Source information:
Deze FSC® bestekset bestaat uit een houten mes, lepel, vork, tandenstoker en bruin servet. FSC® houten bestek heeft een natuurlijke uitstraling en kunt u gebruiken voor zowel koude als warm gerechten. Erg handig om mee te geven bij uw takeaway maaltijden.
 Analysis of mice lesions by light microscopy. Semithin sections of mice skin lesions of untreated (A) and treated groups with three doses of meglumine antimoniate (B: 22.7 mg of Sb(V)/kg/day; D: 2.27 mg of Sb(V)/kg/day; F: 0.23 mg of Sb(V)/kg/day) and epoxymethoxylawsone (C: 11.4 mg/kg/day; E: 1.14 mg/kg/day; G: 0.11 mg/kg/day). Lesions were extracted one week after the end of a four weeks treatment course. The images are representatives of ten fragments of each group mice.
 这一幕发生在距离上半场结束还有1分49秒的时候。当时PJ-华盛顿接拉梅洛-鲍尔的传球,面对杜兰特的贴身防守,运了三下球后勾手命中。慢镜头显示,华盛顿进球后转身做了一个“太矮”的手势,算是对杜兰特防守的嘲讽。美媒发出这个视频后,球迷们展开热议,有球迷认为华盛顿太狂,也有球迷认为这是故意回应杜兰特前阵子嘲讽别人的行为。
...
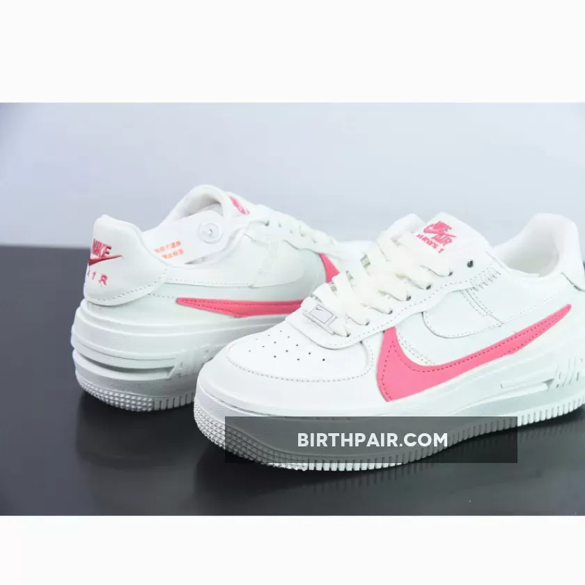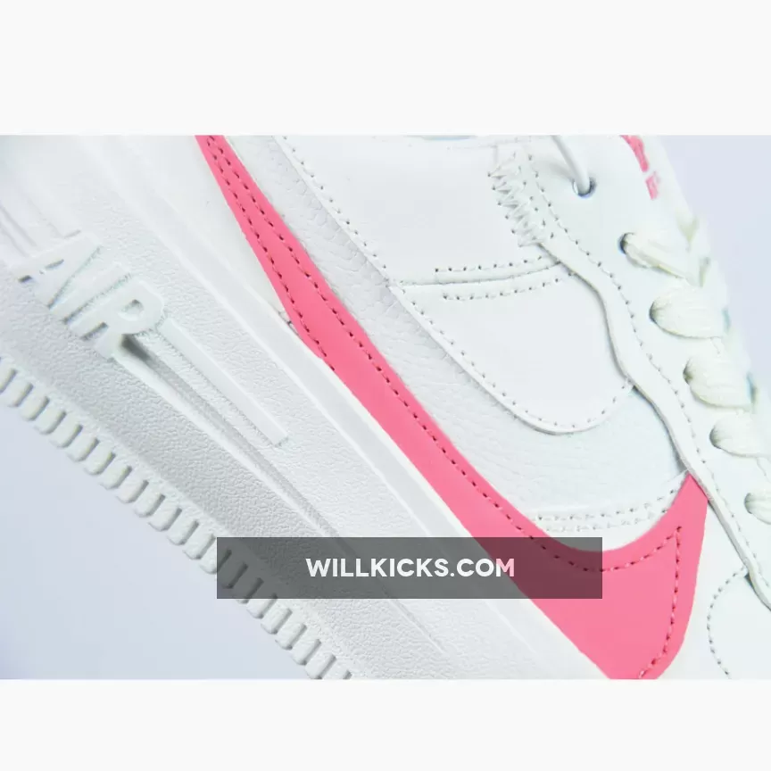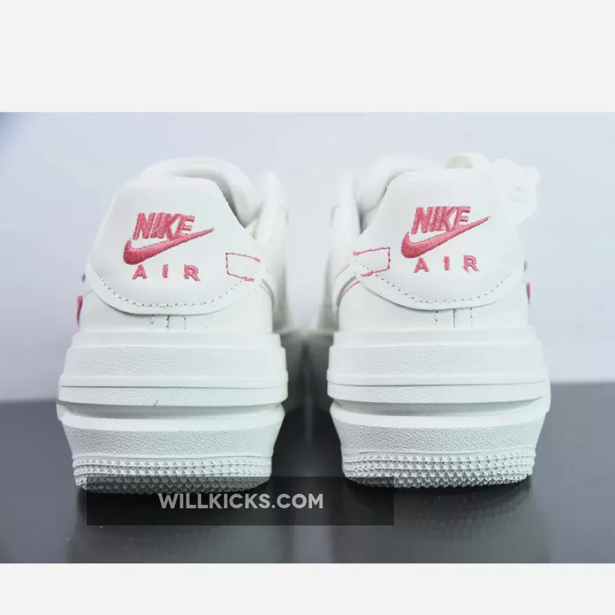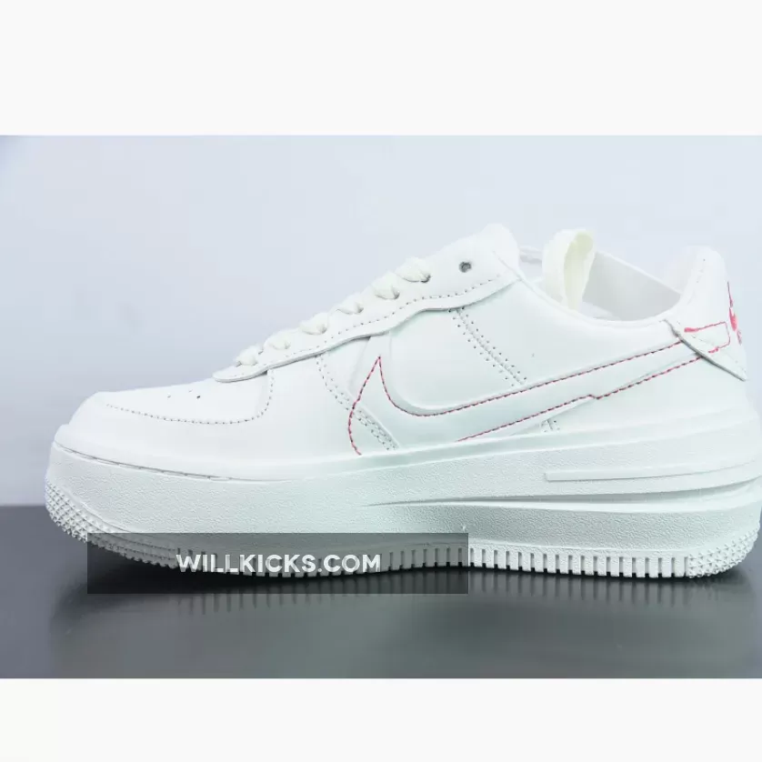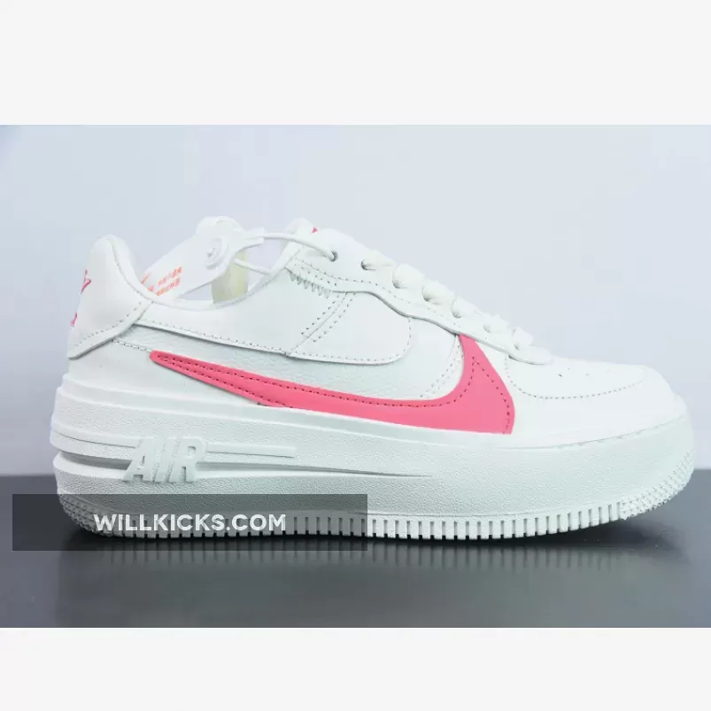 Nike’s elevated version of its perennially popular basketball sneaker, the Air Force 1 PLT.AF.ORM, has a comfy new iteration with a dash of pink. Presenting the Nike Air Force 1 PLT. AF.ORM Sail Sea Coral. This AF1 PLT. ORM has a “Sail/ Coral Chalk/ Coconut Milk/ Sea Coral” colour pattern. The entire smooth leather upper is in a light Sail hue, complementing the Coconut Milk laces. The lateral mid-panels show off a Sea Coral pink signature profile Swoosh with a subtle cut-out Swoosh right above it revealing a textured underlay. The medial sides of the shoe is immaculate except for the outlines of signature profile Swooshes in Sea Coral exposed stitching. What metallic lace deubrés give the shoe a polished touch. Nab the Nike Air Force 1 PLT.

Task instructions: Output the material above exactly, but only from the line that carries "Analysis of mice" through the line that carries "这一幕发生在距离上半场结束还".

Written answer:
 Analysis of mice lesions by light microscopy. Semithin sections of mice skin lesions of untreated (A) and treated groups with three doses of meglumine antimoniate (B: 22.7 mg of Sb(V)/kg/day; D: 2.27 mg of Sb(V)/kg/day; F: 0.23 mg of Sb(V)/kg/day) and epoxymethoxylawsone (C: 11.4 mg/kg/day; E: 1.14 mg/kg/day; G: 0.11 mg/kg/day). Lesions were extracted one week after the end of a four weeks treatment course. The images are representatives of ten fragments of each group mice.
 这一幕发生在距离上半场结束还有1分49秒的时候。当时PJ-华盛顿接拉梅洛-鲍尔的传球,面对杜兰特的贴身防守,运了三下球后勾手命中。慢镜头显示,华盛顿进球后转身做了一个“太矮”的手势,算是对杜兰特防守的嘲讽。美媒发出这个视频后,球迷们展开热议,有球迷认为华盛顿太狂,也有球迷认为这是故意回应杜兰特前阵子嘲讽别人的行为。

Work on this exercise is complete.